Organic buzz about your own product is every marketer’s dream. Dove’s outdoor ads sparked conversation the moment they went up, and the Vaseline campaign racked up 136 million views on social media. Looking at both, I keep coming back to the thought that these were successes built on deep, genuine reflection about what ‘authenticity’ actually means and what it can do. Even when you believe in your product, choosing to show the negative reviews takes courage. And committing to verify only what’s real, when you're already riding high as the all-purpose moisturizing staple everyone swears by, is far from an easy call.

 

In the way they approach authenticity, Dove and Vaseline share two things. First, both brands translated the culture of customer reviews and organic usage directly into a brand communication strategy. Dove embraced the radically honest review culture of Reddit on its own terms; Vaseline built a format around verifying what real users were actually doing with the product.

 

Second, in both cases, creators and everyday users were not just subjects of the campaign: they were the source of its ideas and its protagonists. Rather than broadcasting a message from brand to audience, both campaigns responded directly to what users had already said and done. Real customer reviews became the advertising message; tips posted by ordinary people became the raw material for expert-grade content.

 

Customers want to have a real conversation with the brands they use.

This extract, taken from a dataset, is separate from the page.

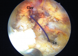 Figura 3. Realizamos la selección del punto en el cuello de la coracoides de forma percutánea bajo visión directa artroscópica. Hombro derecho con la óptica en un abordaje anterolateral. Clav: extremo distal de la clavícula; Co: cuello de la coracoides.

A brand that shows the negative reviews alongside the glowing ones. A brand that, rather than burnishing its own image, validates how customers actually use the product and treats them as the experts. If a brand approaches its customers with that kind of warmth and authenticity, I think most of us would want to say something back. Are we ready, right now, to have that real conversation with our customers? It’s something I’d like us to think about together.